IMS Research is predicting strong growth for the power measurement hardware market, with global revenues amounting to more than $4,2 billion cumulatively over the next five years. Factors driving this growth will include increased electricity use, energy efficiency initiatives, government mandates, more knowledge among building professionals on the benefits of submetering and the increased adoption of system-level control schemes – including building automation and energy-management systems. Submeters accounted for 65% of global metering revenues in 2012 and are forecast to grow faster than meters with power quality.

Technology

Scientists have developed a technique to enable light beams to travel four times as far down an optical fibre than is possible under normal conditions.

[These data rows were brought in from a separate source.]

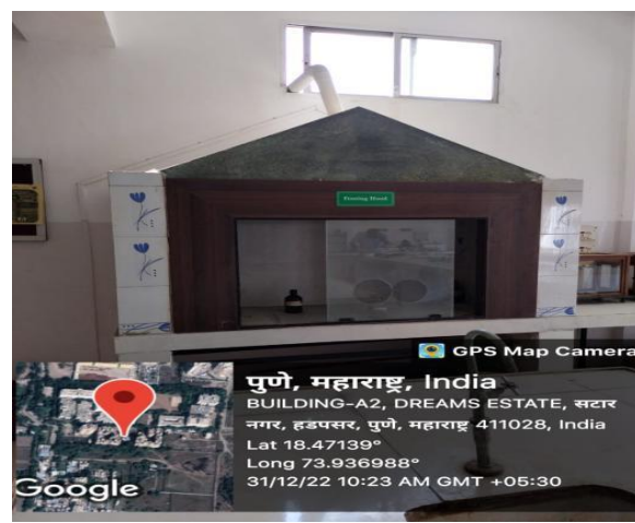
Hazardous chemicals management using Fuming Hood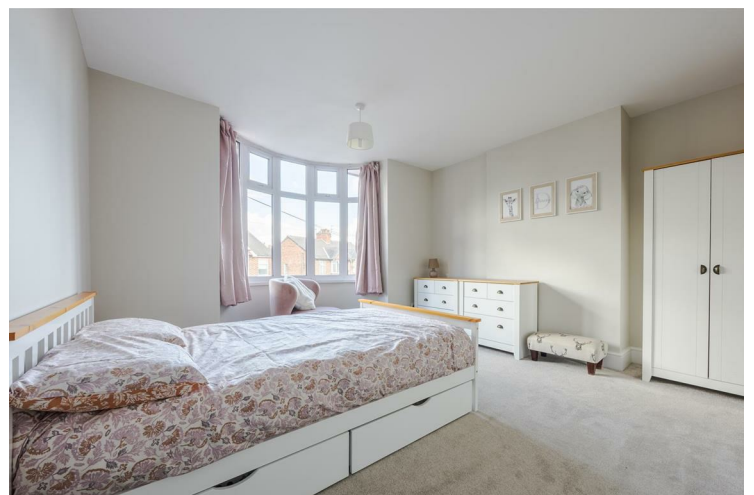
Bedroom one 11'9" x 12'11" (3.60 x 3.94)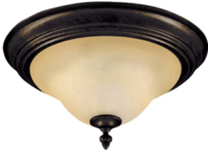
2650WSKB Pacific 2-Light Flush Mount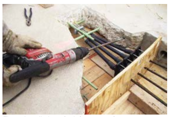
Fig. 5: Installation of reinforcement for anchorage pocket

Step 5: New anchorage pockets are chipped in the slab at the intersection of the strand groups and the perimeter of the opening (Fig. 3). The width and length of the pockets depends on the number of stands in the group and the location of the new anchorage relative to the strand profile's high and low points (Fig. 4). If the new anchorage is near a strand high point, then the pocket will have to be long enough to allow the strand to be reprofiled so that the new anchorage can be located at the middepth of the slab.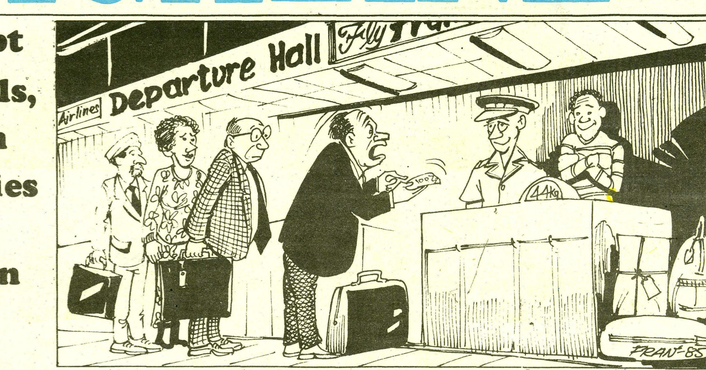
"Look man, this is all I have between me and starvation. If you insist on "chai" why don't I buy you a cup at the cafeteria.

The solution is based on a concept similar to that used in noise-cancelling headphones, to transmit a pair of light beams instead of just one, with each beam a mirror image of the other. These beams are then recombined at the receiving end to cancel out optical noise. The technique has been demonstrated to successfully transmit signals at 400 Gbps over a distance of 12 800 km.

Altera will next year start rolling out FPGAs based on Intel’s 14 nm Tri-Gate process and TSMC’s 20 nm process. The 14 nm-based Stratix 10 FPGAs and SOCs will feature more than four million logic elements (LEs) on a single die, 56 Gbps transceivers and more than 10-TeraFLOPs single-precision digital signal processing. The 20 nm-based Arria 10 devices will pack a 1,5 GHz dual-core ARM Cortex-A9 processor and 28 Gbps transceivers.